Items from a data source
——
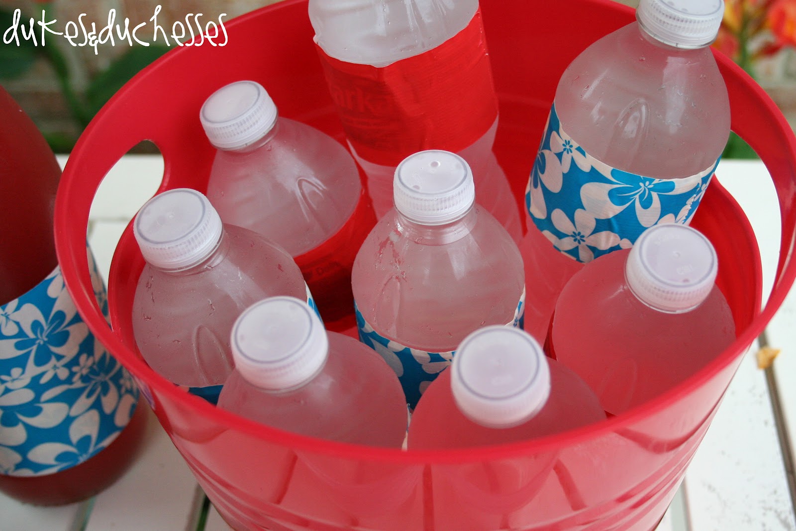 The water bottles got duct tape labels as well. Duct tape is one of my favorite things to wrap around water bottles because, unlike a paper label, it repels the water and stays intact. With all the great prints available in duct tape, you can match any party theme.
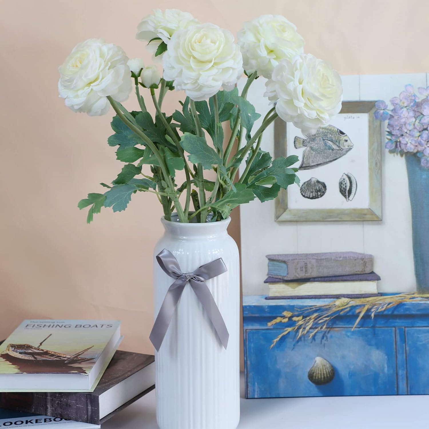- Beautiful Flowers:This set includes six white ranunculus artificial flowers,designed with intricate details and distinctive features.each petal and leaf is treated with special dyeing techniques to retain natural colors and color depth, making them aesthetically pleasing all year round and evoking a sense of being surrounded by nature.
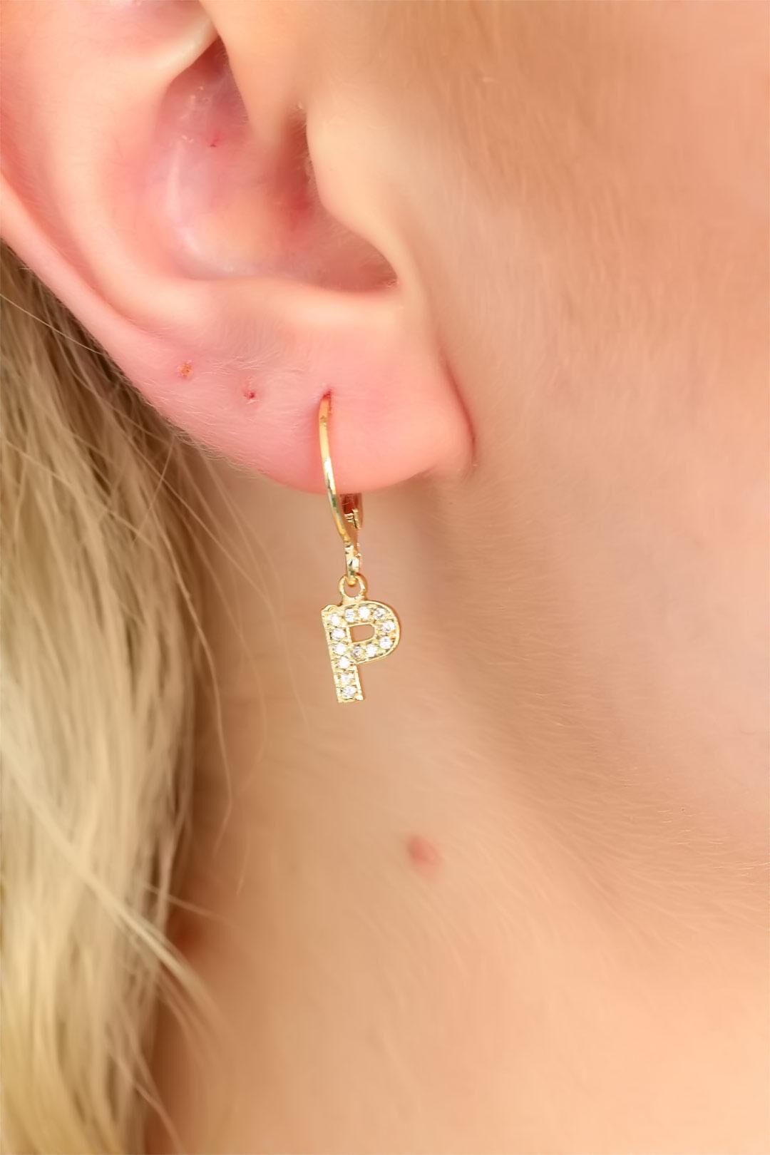 Gold Renk Zirkon Taşlı P Harf Bayan Küpe
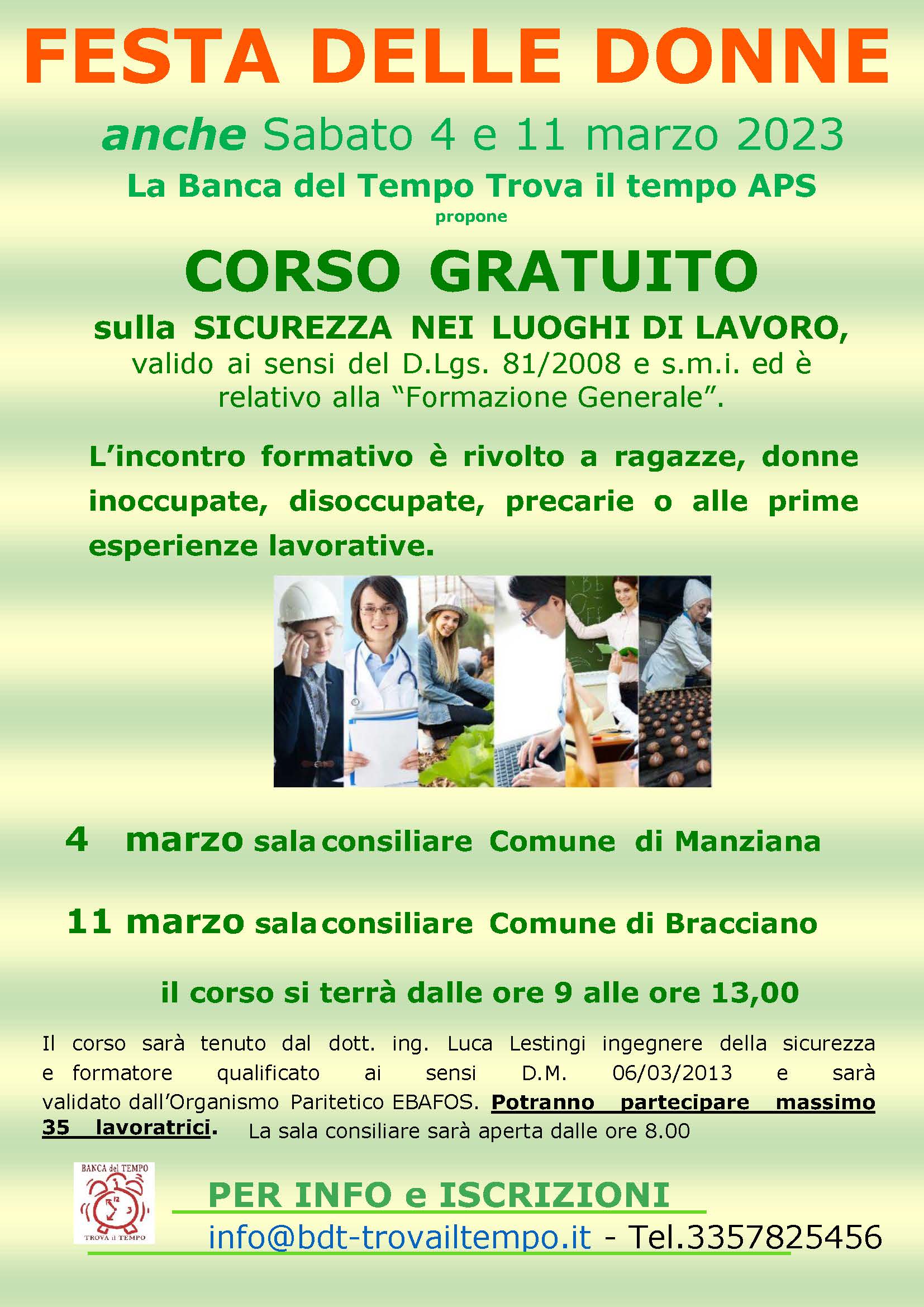 La Banca del Tempo propone un importante corso sulla sicurezza nei posti di lavoro con rilascio del certificato validato dall’Organismo Paritetico EBAFOS
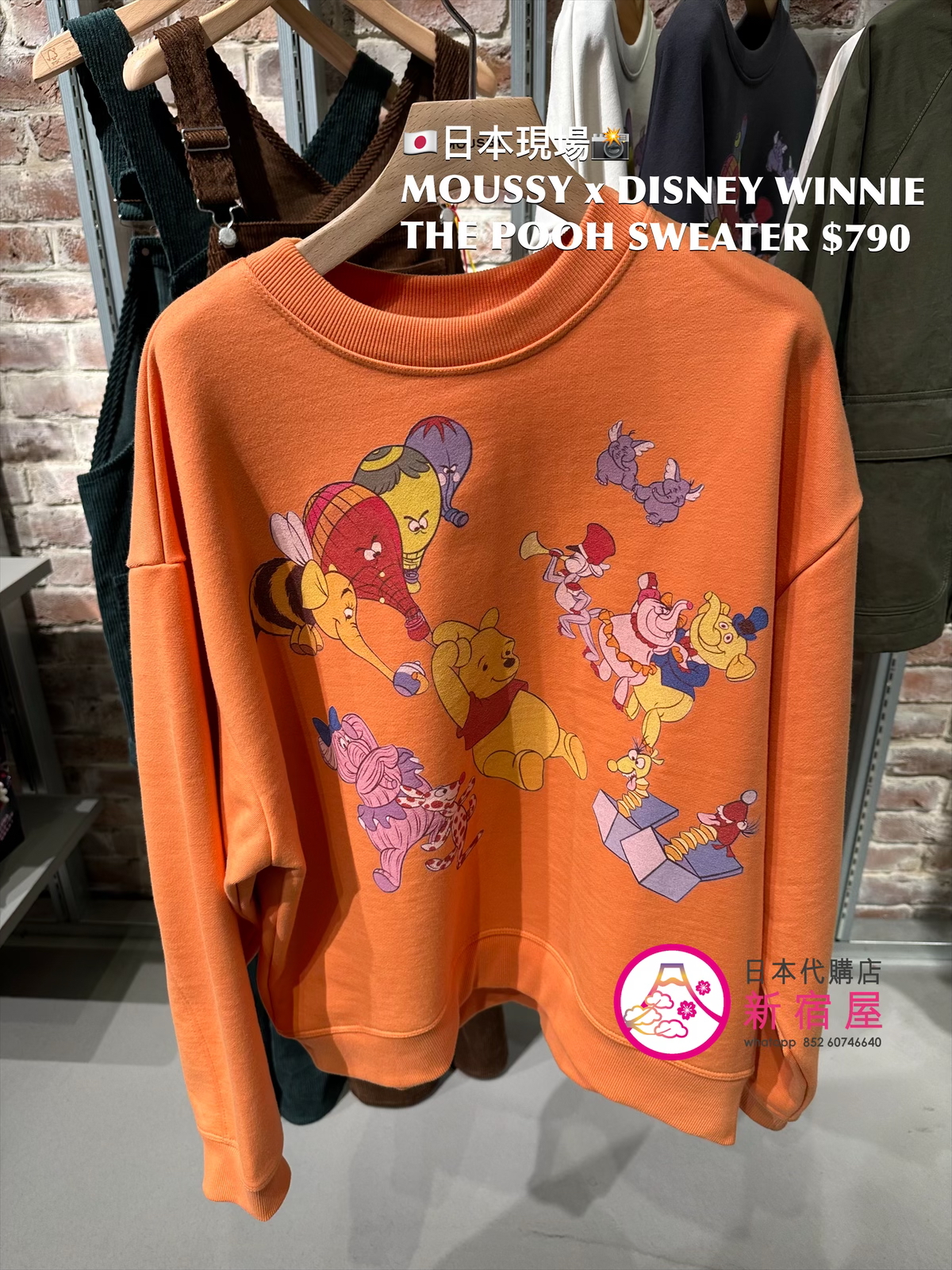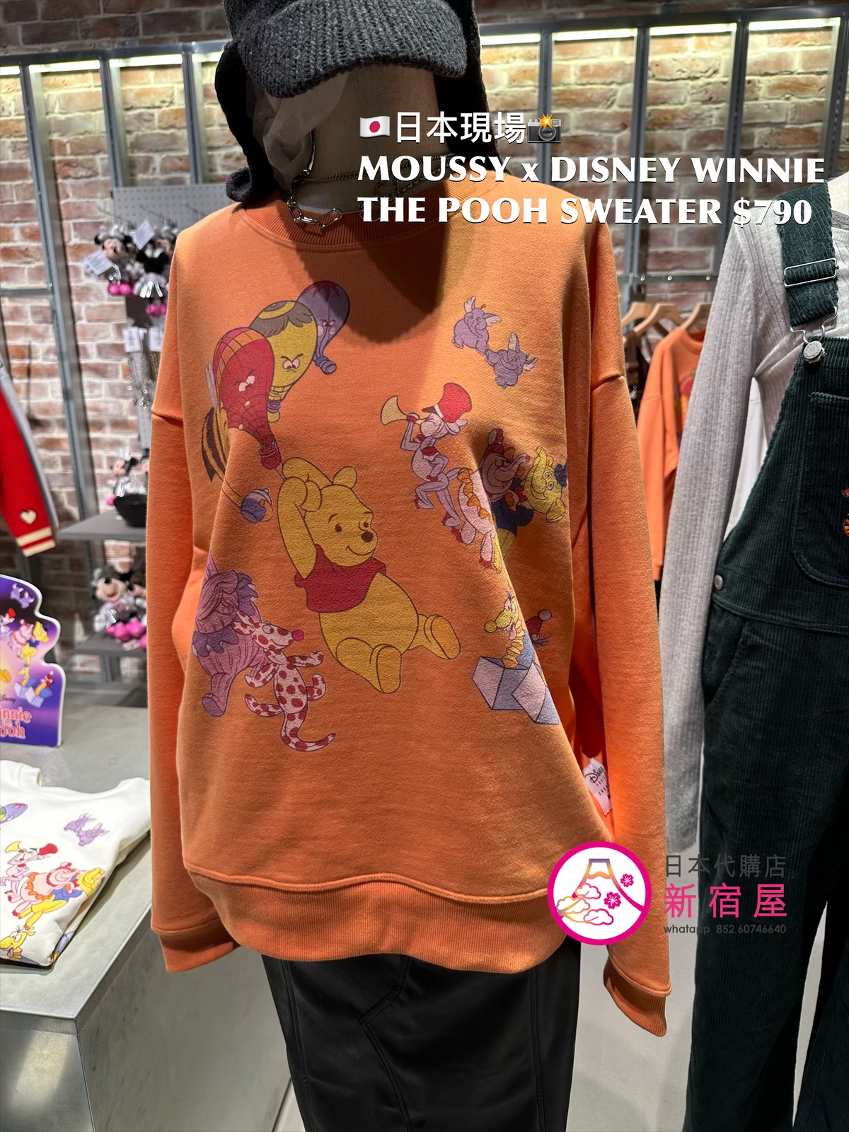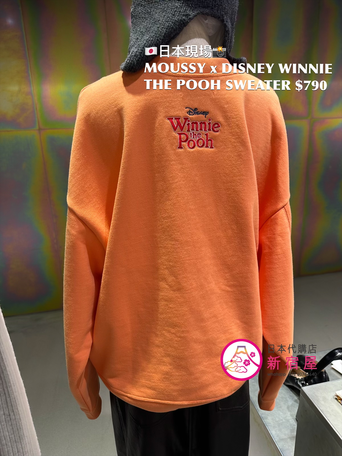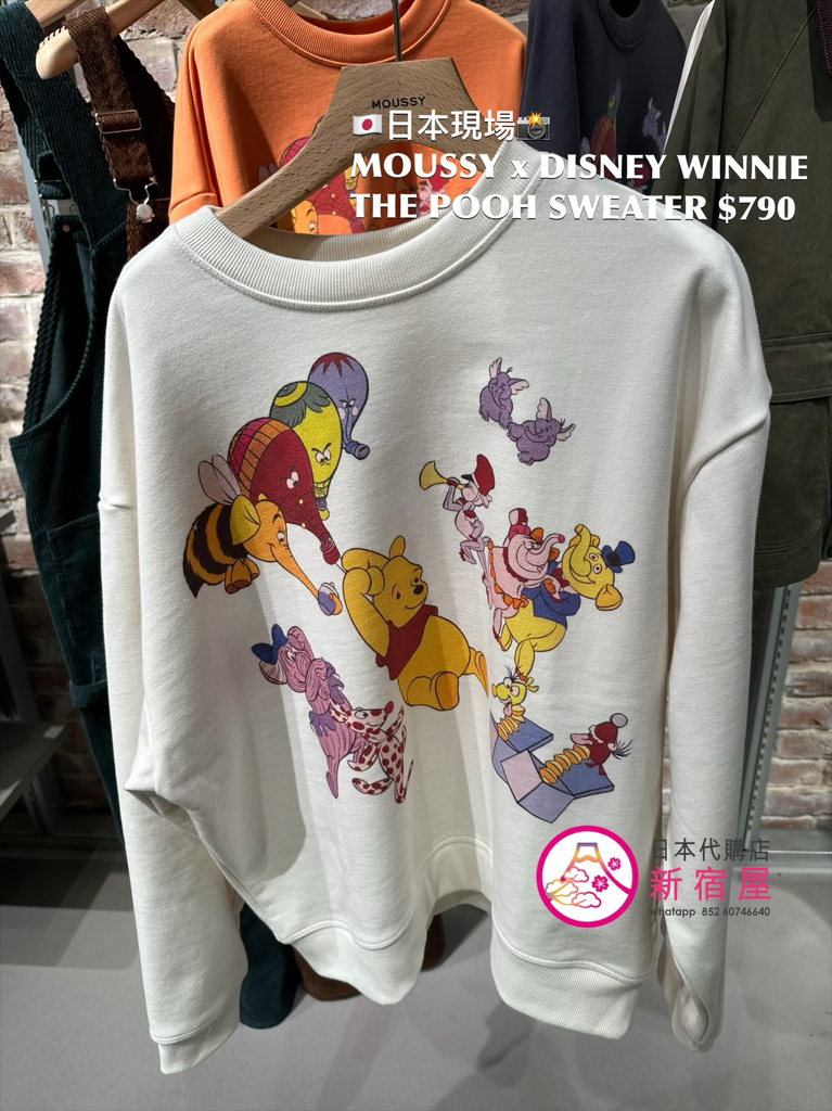 MOUSSY x DISNEY WINNIE THE POOH SWEATER FREE SIZE,ORANGE/ BLACK/ WHITE,$790 👚參考尺寸 FREE SIZE: 身幅 66 總丈 66cm
——
Task brief: Please write out, word for word, only the lines from the one holding "La Banca del" through the end of the records above, with both end lines included and the pictures dropped.

The completed task:
 La Banca del Tempo propone un importante corso sulla sicurezza nei posti di lavoro con rilascio del certificato validato dall’Organismo Paritetico EBAFOS
 MOUSSY x DISNEY WINNIE THE POOH SWEATER FREE SIZE,ORANGE/ BLACK/ WHITE,$790 👚參考尺寸 FREE SIZE: 身幅 66 總丈 66cm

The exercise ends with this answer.